The Internet boom didn’t have the weird you’re-holding-it-wrong vibe too. Legit “It doesn’t help with my use case concerns” seem to all too often get answered with choruses of “but have you tried this week’s model? Have you spent enough time trying to play with it and tweak it to get something more like you want?” Don’t admit limits to the tech, just keep hitting the gacha.
I’ve had people say I’m not approaching AI in “good faith”. I say that you didn’t need “good faith” to see that Lotus 1-2-3 was more flexible and faster than tallying up inventory on paper, or that AltaVista was faster than browsing a card catalog.
Perhaps you are unaware that AI has solved the Proteome. This was expected to be a 100 year project.
I’m aware of machine learning being used in all kinds of science, but it is not llms and therefore not the topic of discussion here.

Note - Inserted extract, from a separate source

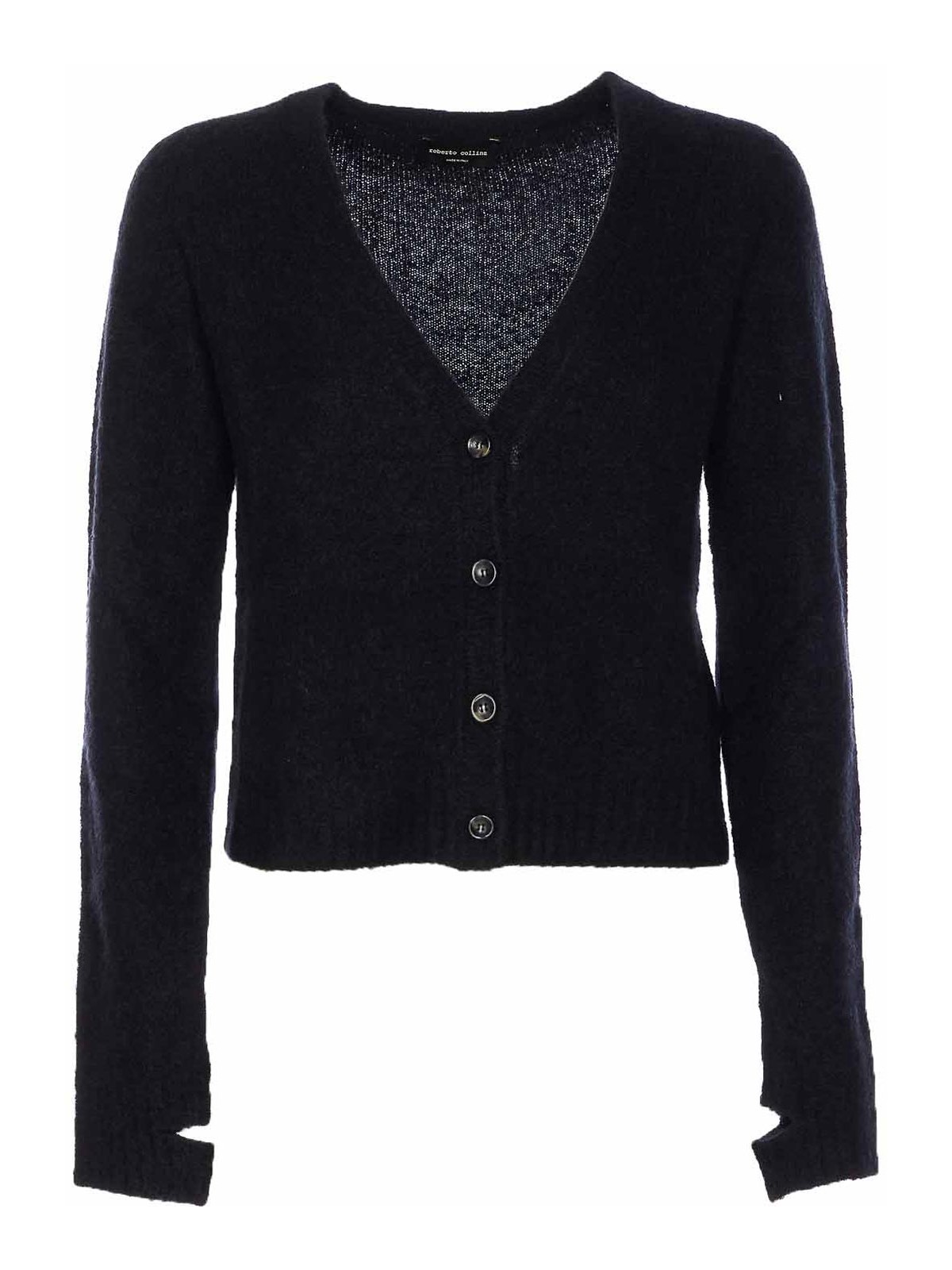 Cardigan noir Roberto Collina avec boutons frontaux, col en V, manches longues, découpes sur les poignets Nom de la couleur du créateur: noir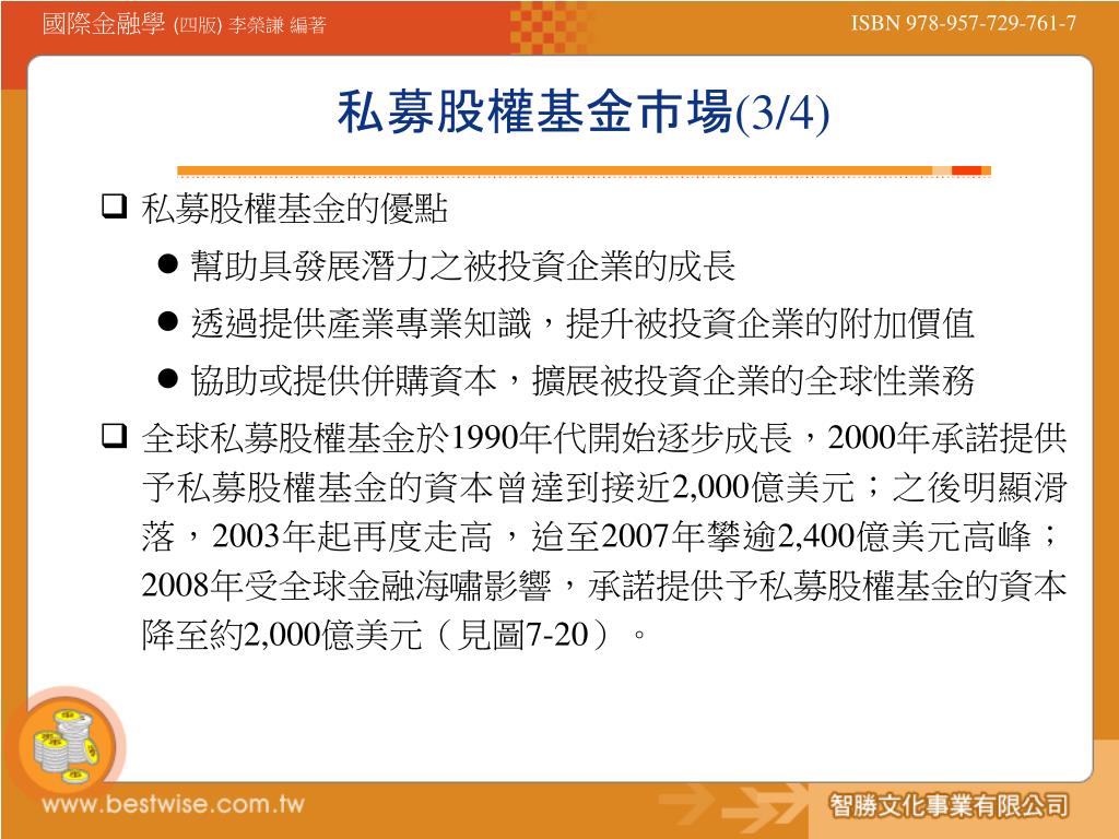 私募股權基金市場(3/4) • 私募股權基金的優點 • 幫助具發展潛力之被投資企業的成長 • 透過提供產業專業知識,提升被投資企業的附加價值 • 協助或提供併購資本,擴展被投資企業的全球性業務 • 全球私募股權基金於1990年代開始逐步成長,2000年承諾提供予私募股權基金的資本曾達到接近2,000億美元;之後明顯滑落,2003年起再度走高,迨至2007年攀逾2,400億美元高峰;2008年受全球金融海嘯影響,承諾提供予私募股權基金的資本降至約2,000億美元(見圖7-20)。

Au contraire. The proteome was solved by LLM transformers trained on genetic strings
A transformer model isn’t always an llm, nor does a type of algorithm/data model/whatever being useful for one purpose mean it is equally useful for all other purposes.
I was at a startup in 1999 … in Seattle. I actually ducked out because it was clear that about all they could do was arrange outings for the staff.
Ah, yes, Yahoo!, the elephant graveyard of good ideas.